RAG (Retrieval Augmented Generation) is a technique to get a language model to answer questions accurately for a particular domain, by first retrieving relevant information from a knowledge source and then generating a response based on that information.

We have provided a local CSV file with data about hybrid cars. The code below reads the CSV file, searches for matches to the user question, and then generates a response based on the information found. Note that this will take longer than any of the previous examples, as it sends more data to the model. If you notice the answer is still not grounded in the data, you can try system engineering or try other models.
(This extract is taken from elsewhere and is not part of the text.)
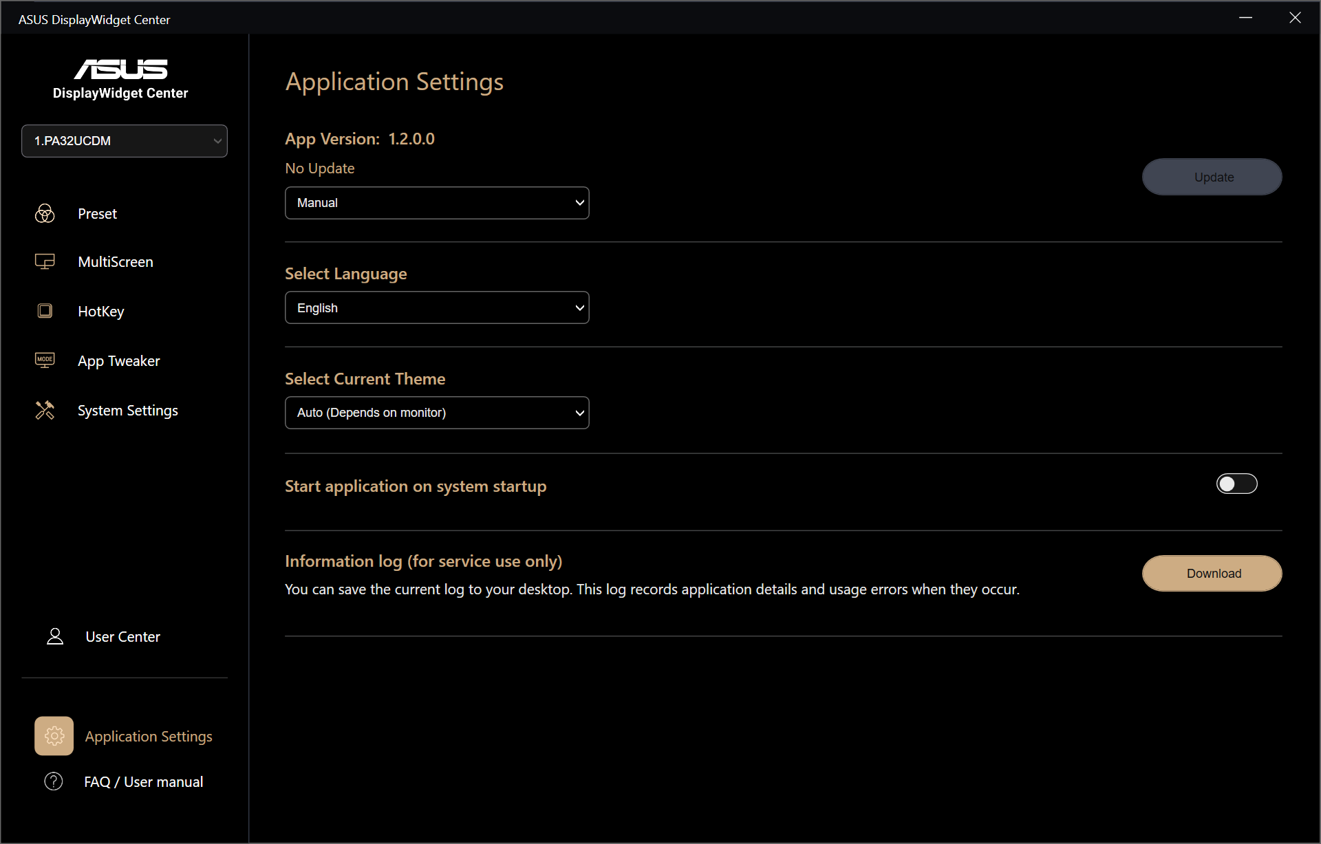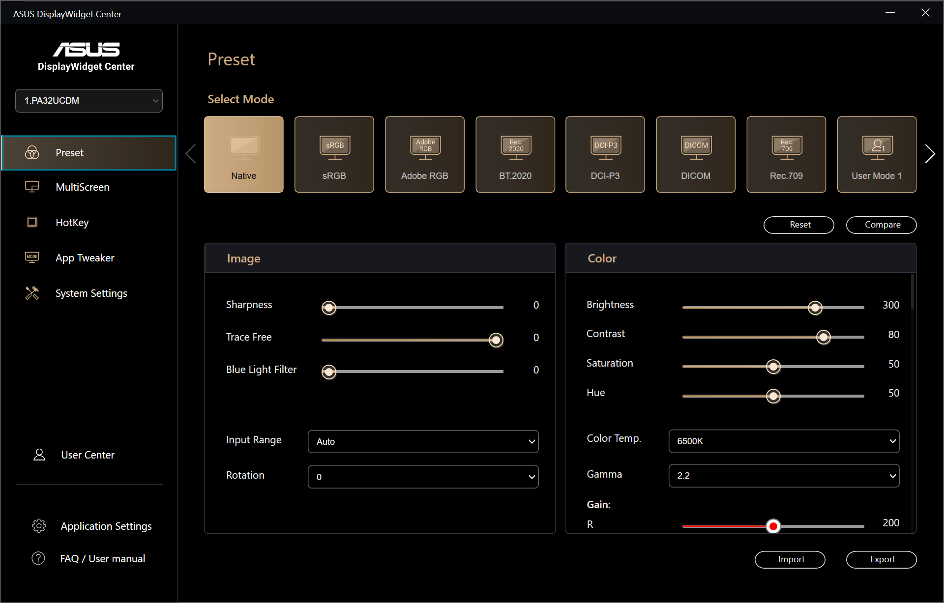 For those interested, ASUS also provides support for its DisplayWidget Center software. This simply gives you control over the key monitor settings from your PC, so you don't have to fiddle with the OSD to quickly adjust brightness or choose a different colour mode.
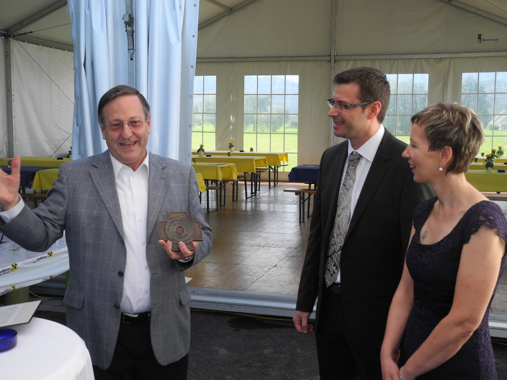 (l.) Pfarrer Blum mit dem Ehepaar Norbert und Luzia Lampert

Generally, RAG is more effective with either larger models or with fine-tuned versions of SLMs.

In [6]:
import csv

SYSTEM_MESSAGE = """
You are a helpful assistant that answers questions about cars based off a hybrid car data set.
You must use the data set to answer the questions, you should not provide any information that is not in the provided sources.
"""

USER_MESSAGE = "how fast is a prius?"

# Open the CSV and store in a list
with open("hybrid.csv", "r") as file:
    reader = csv.reader(file)
    rows = list(reader)

# Normalize the user question to replace punctuation and make lowercase
normalized_message = USER_MESSAGE.lower().replace("?", "").replace("(", " ").replace(")", " ")

# Search the CSV for user question using very naive search
words = normalized_message.split()
matches = []
for row in rows[1:]:
    # if the word matches any word in row, add the row to the matches
    if any(word in row[0].lower().split() for word in words) or any(word in row[5].lower().split() for word in words):
        matches.append(row)

# Format as a markdown table, since language models understand markdown
matches_table = " | ".join(rows[0]) + "\n" + " | ".join(" --- " for _ in range(len(rows[0]))) + "\n"
matches_table += "\n".join(" | ".join(row) for row in matches)
print(f"Found {len(matches)} matches:")
print(matches_table)

# Now we can use the matches to generate a response
response = client.chat.completions.create(
    model=MODEL_NAME,
    temperature=0.7,
    n=1,
    messages=[
        {"role": "system", "content": SYSTEM_MESSAGE},
        {"role": "user", "content": USER_MESSAGE + "\nSources: " + matches_table},
    ],
)

print("Response:")
print(response.choices[0].message.content)

Found 11 matches:
vehicle | year | msrp | acceleration | mpg | class
 ---  |  ---  |  ---  |  ---  |  ---  |  --- 
Prius (1st Gen) | 1997 | 24509.74 | 7.46 | 41.26 | Compact
Prius (2nd Gen) | 2000 | 26832.25 | 7.97 | 45.23 | Compact
Prius | 2004 | 20355.64 | 9.9 | 46.0 | Midsize
Prius (3rd Gen) | 2009 | 24641.18 | 9.6 | 47.98 | Compact
Prius alpha (V) | 2011 | 30588.35 | 10.0 | 72.92 | Midsize
Prius V | 2011 | 27272.28 | 9.51 | 32.93 | Midsize
Prius C | 2012 | 19006.62 | 9.35 | 50.0 | Compact
Prius PHV | 2012 | 32095.61 | 8.82 | 50.0 | Midsize
Prius C | 2013 | 19080.0 | 8.7 | 50.0 | Compact
Prius | 2013 | 24200.0 | 10.2 | 50.0 | Midsize
Prius Plug-in | 2013 | 32000.0 | 9.17 | 50.0 | Midsize


Response:
 The fastest acceleration among the listed Prius generations is seen in the 2nd Gen (year: 2000) with an acceleration of 7.97 mph/s and in the most recent models like the 3rd Gen (year: 2009), Prius Plug-in (year: 2013), and latest year model, it's the Midsize Prius from 2013 with an acceleration of 10.2 mph/s. However, if we are considering top speed specifically, none of these models explicitly lists their top speed in this dataset. For specific speed information you may need to refer directly to the car manufacturer or trusted third-party resources as they vary depending on many factors such as model configuration and driving conditions among others.